▶ Requirement:
In the entries below, begin at the line that has "eine Schleuse arbeitet." and stop after the line that has "وشرح المقدمة الجزولية"; output those lines exactly, leaving out pictures.

▶ Data provided:
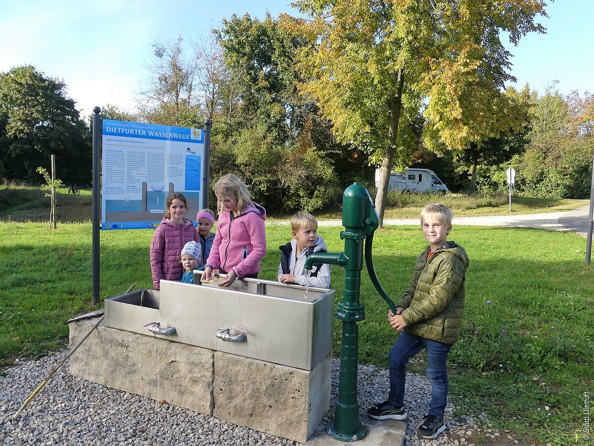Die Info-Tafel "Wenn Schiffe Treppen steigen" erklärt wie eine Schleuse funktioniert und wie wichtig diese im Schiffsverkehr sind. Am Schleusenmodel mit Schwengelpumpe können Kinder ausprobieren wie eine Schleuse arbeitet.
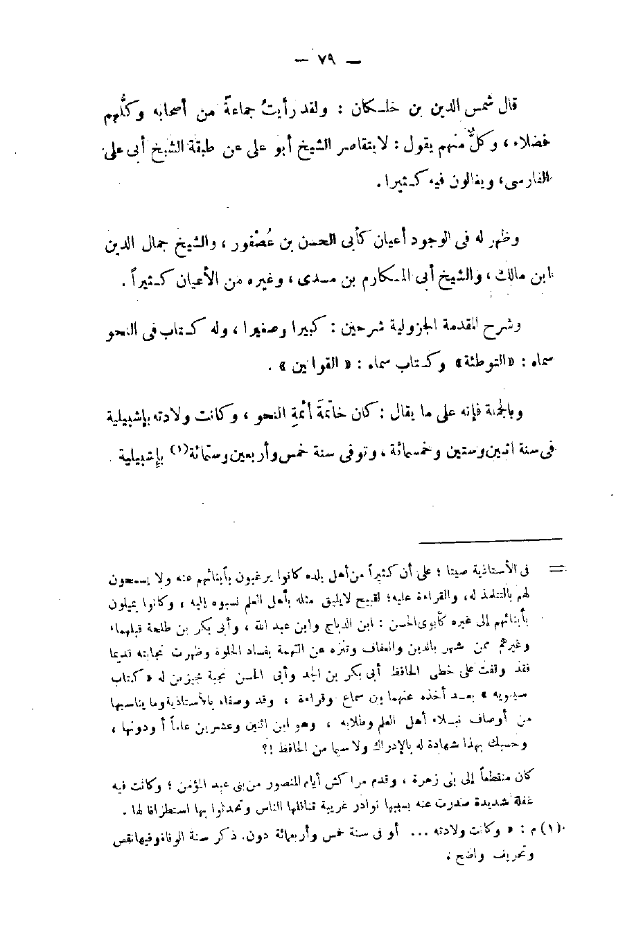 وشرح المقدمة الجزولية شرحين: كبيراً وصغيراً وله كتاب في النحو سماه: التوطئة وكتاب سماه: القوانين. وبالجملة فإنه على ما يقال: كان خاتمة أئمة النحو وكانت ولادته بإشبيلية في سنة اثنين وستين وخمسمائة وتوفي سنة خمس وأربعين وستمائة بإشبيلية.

...

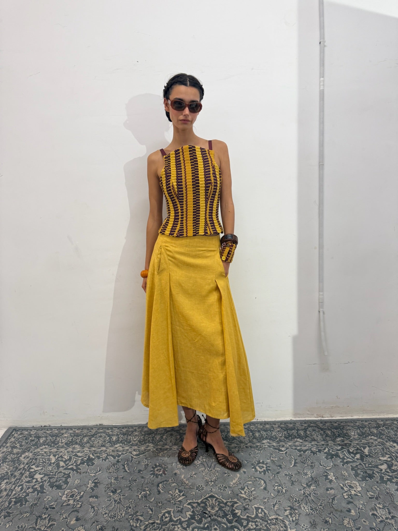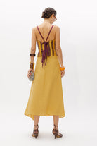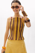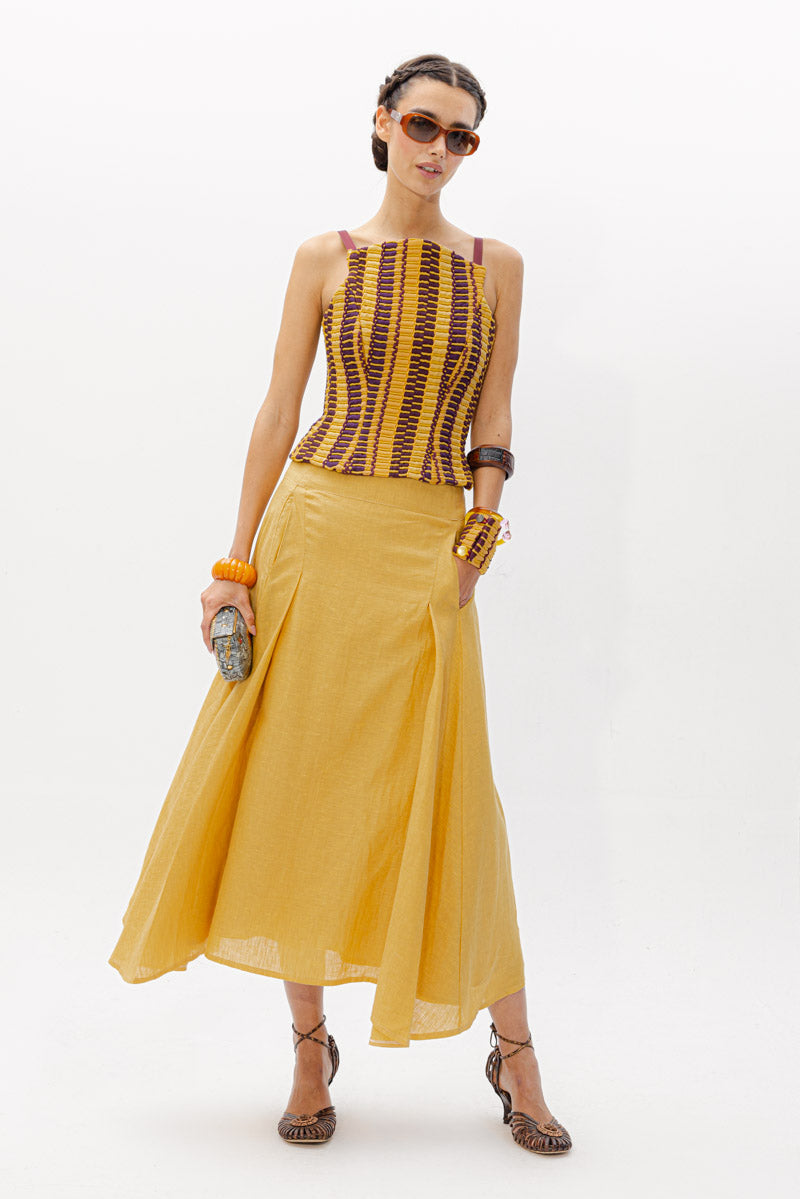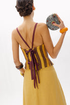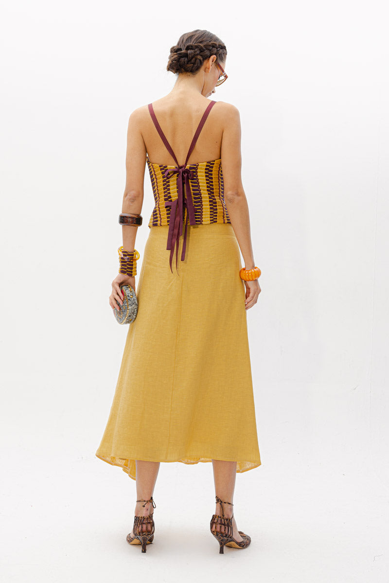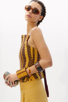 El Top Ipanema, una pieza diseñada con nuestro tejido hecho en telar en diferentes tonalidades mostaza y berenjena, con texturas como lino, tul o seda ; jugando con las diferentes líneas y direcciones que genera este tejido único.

▶ Written response:
Die Info-Tafel "Wenn Schiffe Treppen steigen" erklärt wie eine Schleuse funktioniert und wie wichtig diese im Schiffsverkehr sind. Am Schleusenmodel mit Schwengelpumpe können Kinder ausprobieren wie eine Schleuse arbeitet.
 وشرح المقدمة الجزولية شرحين: كبيراً وصغيراً وله كتاب في النحو سماه: التوطئة وكتاب سماه: القوانين. وبالجملة فإنه على ما يقال: كان خاتمة أئمة النحو وكانت ولادته بإشبيلية في سنة اثنين وستين وخمسمائة وتوفي سنة خمس وأربعين وستمائة بإشبيلية.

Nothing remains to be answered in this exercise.